Segment Open

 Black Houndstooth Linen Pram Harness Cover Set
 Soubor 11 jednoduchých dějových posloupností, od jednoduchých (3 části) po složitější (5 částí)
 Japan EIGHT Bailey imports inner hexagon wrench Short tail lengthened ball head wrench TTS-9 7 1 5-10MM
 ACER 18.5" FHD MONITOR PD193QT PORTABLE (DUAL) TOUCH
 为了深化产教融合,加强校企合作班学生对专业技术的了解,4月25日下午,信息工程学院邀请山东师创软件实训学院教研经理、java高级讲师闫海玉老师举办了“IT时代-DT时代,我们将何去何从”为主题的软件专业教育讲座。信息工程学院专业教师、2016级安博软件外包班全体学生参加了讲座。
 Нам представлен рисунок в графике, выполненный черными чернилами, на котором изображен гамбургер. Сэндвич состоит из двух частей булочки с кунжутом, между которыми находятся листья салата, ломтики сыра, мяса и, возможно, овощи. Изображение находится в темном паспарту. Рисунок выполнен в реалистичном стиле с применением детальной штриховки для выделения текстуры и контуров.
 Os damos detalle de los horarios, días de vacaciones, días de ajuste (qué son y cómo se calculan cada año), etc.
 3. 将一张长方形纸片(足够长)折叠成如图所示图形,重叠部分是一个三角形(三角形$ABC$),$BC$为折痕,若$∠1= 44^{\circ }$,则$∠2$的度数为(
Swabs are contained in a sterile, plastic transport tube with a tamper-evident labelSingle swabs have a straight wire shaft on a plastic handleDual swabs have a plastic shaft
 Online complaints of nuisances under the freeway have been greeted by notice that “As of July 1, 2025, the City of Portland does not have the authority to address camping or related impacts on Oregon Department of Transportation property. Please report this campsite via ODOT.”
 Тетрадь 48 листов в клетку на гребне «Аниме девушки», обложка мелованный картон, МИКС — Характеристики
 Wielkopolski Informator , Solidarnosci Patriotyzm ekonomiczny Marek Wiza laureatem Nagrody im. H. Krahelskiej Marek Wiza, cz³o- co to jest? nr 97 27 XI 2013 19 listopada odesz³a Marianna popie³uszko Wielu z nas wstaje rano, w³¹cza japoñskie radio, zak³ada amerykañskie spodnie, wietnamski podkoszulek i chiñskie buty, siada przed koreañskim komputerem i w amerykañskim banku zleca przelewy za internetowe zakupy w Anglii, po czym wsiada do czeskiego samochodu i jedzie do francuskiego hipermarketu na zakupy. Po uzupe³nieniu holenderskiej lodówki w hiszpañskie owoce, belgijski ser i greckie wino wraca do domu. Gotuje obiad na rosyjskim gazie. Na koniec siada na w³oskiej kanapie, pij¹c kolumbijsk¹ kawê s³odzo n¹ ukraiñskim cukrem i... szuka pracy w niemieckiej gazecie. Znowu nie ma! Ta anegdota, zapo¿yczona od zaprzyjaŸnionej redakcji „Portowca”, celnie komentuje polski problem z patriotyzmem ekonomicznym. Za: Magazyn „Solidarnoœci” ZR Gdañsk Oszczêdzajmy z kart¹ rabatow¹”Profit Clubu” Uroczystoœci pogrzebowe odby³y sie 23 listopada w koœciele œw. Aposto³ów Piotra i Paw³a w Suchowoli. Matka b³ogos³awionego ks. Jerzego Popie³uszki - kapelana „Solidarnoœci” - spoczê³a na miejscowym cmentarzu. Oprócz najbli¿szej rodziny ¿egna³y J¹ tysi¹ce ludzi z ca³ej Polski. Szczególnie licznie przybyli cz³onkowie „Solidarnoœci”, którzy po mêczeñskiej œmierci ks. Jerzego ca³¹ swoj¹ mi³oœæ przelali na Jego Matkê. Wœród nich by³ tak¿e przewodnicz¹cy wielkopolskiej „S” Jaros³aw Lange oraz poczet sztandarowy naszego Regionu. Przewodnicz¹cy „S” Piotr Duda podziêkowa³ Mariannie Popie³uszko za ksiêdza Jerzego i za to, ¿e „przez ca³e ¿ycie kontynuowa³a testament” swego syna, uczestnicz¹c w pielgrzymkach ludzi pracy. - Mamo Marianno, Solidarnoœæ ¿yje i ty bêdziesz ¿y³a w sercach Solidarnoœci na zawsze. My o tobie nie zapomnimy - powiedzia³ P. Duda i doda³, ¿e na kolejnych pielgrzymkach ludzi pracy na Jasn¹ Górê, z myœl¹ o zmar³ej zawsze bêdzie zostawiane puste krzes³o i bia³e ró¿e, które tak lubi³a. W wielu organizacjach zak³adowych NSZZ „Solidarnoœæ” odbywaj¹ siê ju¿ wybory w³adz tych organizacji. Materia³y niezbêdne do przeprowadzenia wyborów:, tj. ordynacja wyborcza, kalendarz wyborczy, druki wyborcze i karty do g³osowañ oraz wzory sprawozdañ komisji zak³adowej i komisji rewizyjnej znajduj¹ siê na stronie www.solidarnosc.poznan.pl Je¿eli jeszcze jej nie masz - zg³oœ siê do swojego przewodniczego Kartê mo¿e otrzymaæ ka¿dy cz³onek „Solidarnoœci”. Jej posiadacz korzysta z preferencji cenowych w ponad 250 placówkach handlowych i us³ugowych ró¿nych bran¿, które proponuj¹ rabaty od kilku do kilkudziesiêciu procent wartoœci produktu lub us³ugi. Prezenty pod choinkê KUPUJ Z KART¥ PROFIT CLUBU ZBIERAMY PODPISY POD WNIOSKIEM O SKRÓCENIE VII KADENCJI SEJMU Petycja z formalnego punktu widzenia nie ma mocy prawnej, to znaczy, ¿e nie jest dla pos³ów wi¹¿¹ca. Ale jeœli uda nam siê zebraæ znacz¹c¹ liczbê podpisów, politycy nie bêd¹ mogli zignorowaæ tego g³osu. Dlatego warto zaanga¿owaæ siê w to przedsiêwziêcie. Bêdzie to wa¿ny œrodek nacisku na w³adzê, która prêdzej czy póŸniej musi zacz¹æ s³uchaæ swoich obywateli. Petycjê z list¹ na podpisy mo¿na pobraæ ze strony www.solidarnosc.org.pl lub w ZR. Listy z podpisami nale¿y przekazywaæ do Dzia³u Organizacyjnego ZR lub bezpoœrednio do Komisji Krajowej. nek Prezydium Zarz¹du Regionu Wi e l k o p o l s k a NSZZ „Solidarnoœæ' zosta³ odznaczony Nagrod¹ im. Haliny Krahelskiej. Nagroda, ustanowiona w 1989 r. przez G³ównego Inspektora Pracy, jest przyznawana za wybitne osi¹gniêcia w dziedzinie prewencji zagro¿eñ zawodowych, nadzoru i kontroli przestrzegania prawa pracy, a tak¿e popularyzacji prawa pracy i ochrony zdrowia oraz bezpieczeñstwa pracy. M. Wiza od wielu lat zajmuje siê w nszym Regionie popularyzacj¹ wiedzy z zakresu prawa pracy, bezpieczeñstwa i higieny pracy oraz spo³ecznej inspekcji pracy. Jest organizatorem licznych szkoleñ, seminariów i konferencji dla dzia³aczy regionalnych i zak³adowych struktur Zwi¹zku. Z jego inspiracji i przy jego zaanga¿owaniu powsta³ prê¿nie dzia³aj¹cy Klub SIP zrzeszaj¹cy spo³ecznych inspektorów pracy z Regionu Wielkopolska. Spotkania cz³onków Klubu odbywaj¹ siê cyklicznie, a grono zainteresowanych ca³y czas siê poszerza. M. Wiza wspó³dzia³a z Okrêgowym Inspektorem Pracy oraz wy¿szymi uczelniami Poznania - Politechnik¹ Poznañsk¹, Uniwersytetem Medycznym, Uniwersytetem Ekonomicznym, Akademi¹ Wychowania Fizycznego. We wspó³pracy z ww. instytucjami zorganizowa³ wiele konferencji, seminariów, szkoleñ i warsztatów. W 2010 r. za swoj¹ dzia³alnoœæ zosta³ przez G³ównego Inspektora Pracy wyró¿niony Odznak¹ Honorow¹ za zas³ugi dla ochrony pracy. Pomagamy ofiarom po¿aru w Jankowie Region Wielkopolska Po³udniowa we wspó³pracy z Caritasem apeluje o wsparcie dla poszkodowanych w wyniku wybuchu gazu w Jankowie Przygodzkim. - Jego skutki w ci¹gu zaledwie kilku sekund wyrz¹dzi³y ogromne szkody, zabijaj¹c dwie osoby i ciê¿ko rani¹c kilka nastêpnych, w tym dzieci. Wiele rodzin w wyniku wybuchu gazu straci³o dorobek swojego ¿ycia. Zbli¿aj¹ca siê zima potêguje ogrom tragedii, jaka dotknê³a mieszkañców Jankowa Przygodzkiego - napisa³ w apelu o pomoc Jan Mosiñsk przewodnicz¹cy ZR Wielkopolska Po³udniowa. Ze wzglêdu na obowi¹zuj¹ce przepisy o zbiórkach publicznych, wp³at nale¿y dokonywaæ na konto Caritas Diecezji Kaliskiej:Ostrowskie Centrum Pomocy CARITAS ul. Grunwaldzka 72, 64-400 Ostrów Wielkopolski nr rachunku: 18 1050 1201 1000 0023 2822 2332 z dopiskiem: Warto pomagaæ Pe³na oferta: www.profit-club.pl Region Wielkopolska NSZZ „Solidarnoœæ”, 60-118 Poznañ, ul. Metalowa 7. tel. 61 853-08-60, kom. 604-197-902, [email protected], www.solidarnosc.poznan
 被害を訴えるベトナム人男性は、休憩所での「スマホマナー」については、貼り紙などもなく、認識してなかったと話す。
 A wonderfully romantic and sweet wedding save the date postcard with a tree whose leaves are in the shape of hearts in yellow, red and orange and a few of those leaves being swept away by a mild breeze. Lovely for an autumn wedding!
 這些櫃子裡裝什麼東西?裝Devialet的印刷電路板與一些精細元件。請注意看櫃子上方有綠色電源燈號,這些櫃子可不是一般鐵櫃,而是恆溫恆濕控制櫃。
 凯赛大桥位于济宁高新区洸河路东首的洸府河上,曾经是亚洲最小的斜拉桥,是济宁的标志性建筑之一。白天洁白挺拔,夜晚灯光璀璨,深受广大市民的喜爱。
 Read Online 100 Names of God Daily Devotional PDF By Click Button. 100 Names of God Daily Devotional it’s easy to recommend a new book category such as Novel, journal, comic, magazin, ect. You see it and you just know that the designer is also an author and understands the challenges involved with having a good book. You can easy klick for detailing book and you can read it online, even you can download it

Segment Closed

> _About this exercise_
In the entries above, the lines between the one holding "Нам представлен рисунок" and the one holding "Swabs are contained", inclusive, are to be printed exactly as written, and those alone.

> _Exercise output_
 Нам представлен рисунок в графике, выполненный черными чернилами, на котором изображен гамбургер. Сэндвич состоит из двух частей булочки с кунжутом, между которыми находятся листья салата, ломтики сыра, мяса и, возможно, овощи. Изображение находится в темном паспарту. Рисунок выполнен в реалистичном стиле с применением детальной штриховки для выделения текстуры и контуров.
 Os damos detalle de los horarios, días de vacaciones, días de ajuste (qué son y cómo se calculan cada año), etc.
 3. 将一张长方形纸片(足够长)折叠成如图所示图形,重叠部分是一个三角形(三角形$ABC$),$BC$为折痕,若$∠1= 44^{\circ }$,则$∠2$的度数为(
Swabs are contained in a sterile, plastic transport tube with a tamper-evident labelSingle swabs have a straight wire shaft on a plastic handleDual swabs have a plastic shaft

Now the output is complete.